Шурка и революция

Ольга Версе
Посвящается добрым рукам ювелиров – творцов «Ростовской финифти» и всем мастерам русских народных промыслов

Он родился последним и четвёртым по счёту. Котят было четверо: Дымка, Папочка, Кнопка. Его я назвала Шуркой. По-деревенски, по-русски. У моей соседки тёти Наташи в деревне был брат Александр Васильевич Титов, которого она звала Шуркой.
На лето тётя Наташа уезжала в деревню к брату. Вернувшись в Москву, грелась зимой на кухне у батареи в валенках братниной работы, вспоминала  Тредубье и рассказывала, какой красивый их Торжок. Тредубье и Торжок с детства вошли в мою плоть и кровь.

Из Тредубья приходили посылки: мёд, картошка, клюква, сушёные грибы. Всем меня угощала.

1 августа на Серафима Саровского в Боровске умерла моя мать. Племянник позвонил по редкому тогда сотовому телефону от соседки-художницы. Я не поверила и сказала: «Посмотри получше, может быть, ты ошибся»? «Нет!»

Сноха послала меня в Боровск: отвезти одежду. Уже не в Боровск. Мать отвезли в Балабаново. И я спрашивала там, как найти больницу. Одна добрая женщина мне показала, как найти. Спросила, что у меня случилось. Я  ответила и услышала: «Ну, иди, миленькая, иди!» В глазах у меня всё двоилось и троилось. И казалось, что я сижу в саду среди малиновых кустов. А малина растёт на моих глазах: капельки сочные собираются в ягодки.
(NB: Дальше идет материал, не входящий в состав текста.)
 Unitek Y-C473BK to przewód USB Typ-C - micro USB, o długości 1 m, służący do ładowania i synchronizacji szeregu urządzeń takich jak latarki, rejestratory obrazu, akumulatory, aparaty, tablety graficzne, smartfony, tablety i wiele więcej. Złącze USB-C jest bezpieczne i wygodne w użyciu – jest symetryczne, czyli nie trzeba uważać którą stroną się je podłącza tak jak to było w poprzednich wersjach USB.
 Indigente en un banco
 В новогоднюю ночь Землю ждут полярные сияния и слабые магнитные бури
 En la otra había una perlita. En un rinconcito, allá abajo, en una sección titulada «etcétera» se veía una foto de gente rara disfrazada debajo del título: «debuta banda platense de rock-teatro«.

Я была беременная, но ещё не знала об этом. Сразу после похорон меня выгнала с работы Хозяйка фирмы. Хотела даже наказать: принесла военный ремень с пряжкой. Видно, её героического деда-лётчика, защищавшего небо Родины в годы Великой Отечественной войны. И ударила бы. Но её муж, встал между нами и грудью меня защитил. Тогда она ударила меня по щеке.

Мы вместе торговали. Я им приносила очень много дохода. Они даже домработницу наняли. Когда я заикалась, что всё это мне давно надоело: бег с утра до ночи по торговым точкам столицы и  даже денежный дождь, они тут же дарили мне какой-нибудь подарочек и говорили ласковые слова.
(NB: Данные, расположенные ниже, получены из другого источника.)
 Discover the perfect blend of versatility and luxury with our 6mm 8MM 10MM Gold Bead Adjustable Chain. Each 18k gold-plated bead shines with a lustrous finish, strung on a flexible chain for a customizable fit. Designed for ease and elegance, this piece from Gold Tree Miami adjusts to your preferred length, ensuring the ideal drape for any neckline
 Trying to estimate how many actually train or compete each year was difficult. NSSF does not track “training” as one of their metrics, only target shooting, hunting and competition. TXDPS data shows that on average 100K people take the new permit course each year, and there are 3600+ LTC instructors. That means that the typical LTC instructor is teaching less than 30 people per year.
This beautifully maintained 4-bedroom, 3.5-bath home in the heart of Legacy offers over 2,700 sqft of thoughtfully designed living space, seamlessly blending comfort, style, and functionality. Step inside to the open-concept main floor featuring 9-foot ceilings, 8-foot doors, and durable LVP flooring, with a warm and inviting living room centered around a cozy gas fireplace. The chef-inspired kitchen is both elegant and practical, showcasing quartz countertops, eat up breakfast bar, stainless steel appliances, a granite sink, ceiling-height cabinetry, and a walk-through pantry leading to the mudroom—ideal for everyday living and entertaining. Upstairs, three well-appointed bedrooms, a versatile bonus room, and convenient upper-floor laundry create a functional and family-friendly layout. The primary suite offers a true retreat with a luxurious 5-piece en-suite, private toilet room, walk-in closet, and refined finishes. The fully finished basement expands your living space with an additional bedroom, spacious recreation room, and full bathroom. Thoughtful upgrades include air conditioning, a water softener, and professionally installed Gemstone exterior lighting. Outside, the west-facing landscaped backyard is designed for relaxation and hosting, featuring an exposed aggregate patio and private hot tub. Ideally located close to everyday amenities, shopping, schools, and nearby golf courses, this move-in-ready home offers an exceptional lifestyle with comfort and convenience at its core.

В субботу и воскресенье мы стояли на арт-рынке.
Познакомилась я сначала с Хозяином: покупала у него товар, которым приторговывала. Потом  с Хозяйкой. Напросилась к ним на работу. Это была моя ошибка. Надо было открывать своё ИП. Ошибку я потом исправила.
Хозяин с Хозяйкой, люди интеллигентные, имеющие престижное образование, знающие языки и владеющие музыкальными инструментами. У меня тоже филфак. Всё у нас ладилось.

Когда мы познакомились, они жили уже лет пять в невенчанном браке и не зарегистрированном. Наконец, уже, когда я появилась, решили пожениться. Невеста была крутого нрава. Если что не так, объявляла мужу: «Завтра ты будешь ночевать на площади трёх вокзалов!» Он был из провинции.   
Иногда он говорил: «Вот художники бедные, а весёлые»! И слышал в ответ. И я тоже слышала: «Так ты бедным стать захотел?!»
Через наши руки тёк поток русских сувениров. Мы работали с замечательными художниками. Особенно «урожайными» на деньги были выходные дни. Поэтому мы стремились на рынок в конце недели.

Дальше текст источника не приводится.